Until this point, we’ve built a really good data acquisition system and not really involved humans in handling the failures it detects. The purpose of a monitoring stack is generally to get a human involved, so let’s talk about how to do that.
In our experience, there are really three categories of alert. Alerts which need to page a human, alerts which need follow-up by a human and advisory alerts which are nice for a human to know about.
The first category, pages, generally requires you to leverage a tool which is designed to wake people up at 0300 on a Sunday. There are a number of options on the market including PagerDuty and xMatters, which one you chose is up to you but make sure that your company has a solid on-call policy in place, engineers have it configured correctly and that your service integrates correctly with it. You definitely don’t want to discover during a major outage that any of those things were overlooked…

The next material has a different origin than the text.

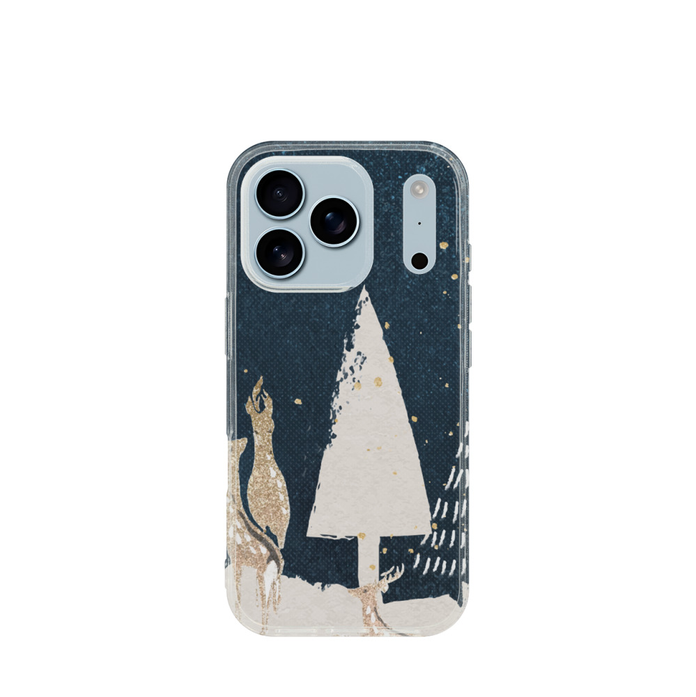 iPhone 17 Pro Gummi Hülle Winterlicher Hirsch - Blau

Perhaps it goes without saying, but if you’re paging someone, you’re paying a pretty high human cost for a system failure. While it might not be feasible to do an RCA for every page you generate initially, your organization should be of the mindset that “being paged is not okay” and work hard towards ensuring that it only happens in extreme situations. An engineer shouldn’t be paged more than a couple of times a year ideally and only in situations where it is absolutely critical that they step in to triage a major incident, if it happens more often than that, your systems need a lot of time and effort invested into improving their reliability.
Regardless of whether you decide to page someone or not, you should have a ticket to track the work being performed to fix a problem. It doesn’t much matter whether this ticket is being cut in Jira, GitHub or your own in-house issue tracker. The point is that when someone starts working to triage an issue, they shoud have somewhere to document what they are doing and keep a record of whatever followup needs to take place.
If you have decided that an event doesn’t warrant a page, but should be looked at by a team, then placing a ticket in their work backlog is a great way to ensure that it gets processed without the cost of interrupting their daily workflow.
In our case, these tickets include all of the supporting context that we were able to collect and are intended to provide an engineer with everything they need to answer the following questions:
- What failed?
- What is the impact of this failure?
- How urgent is it that this failure be fixed?
- What should I do to fix this failure?
- Where should I start looking for the root cause of the failure?
This is accomplished by providing detailed information from the check, information about the infrastructure it is running on, links to other related alerts, metrics and logs for the impacted service and the details of any recent changes made to the service.
Generally you’ll want to notify people that an event has been processed and show them some type of visual indication of what the current state of it is. If done well, this can kickstart the response and help recruit engineers to repair a problem quickly after it occurs rather than waiting for their PM to review the ticket backlog and assign the work.
In our case, we leverage Slack for this and use its attachments to present rich information about the failure and its state.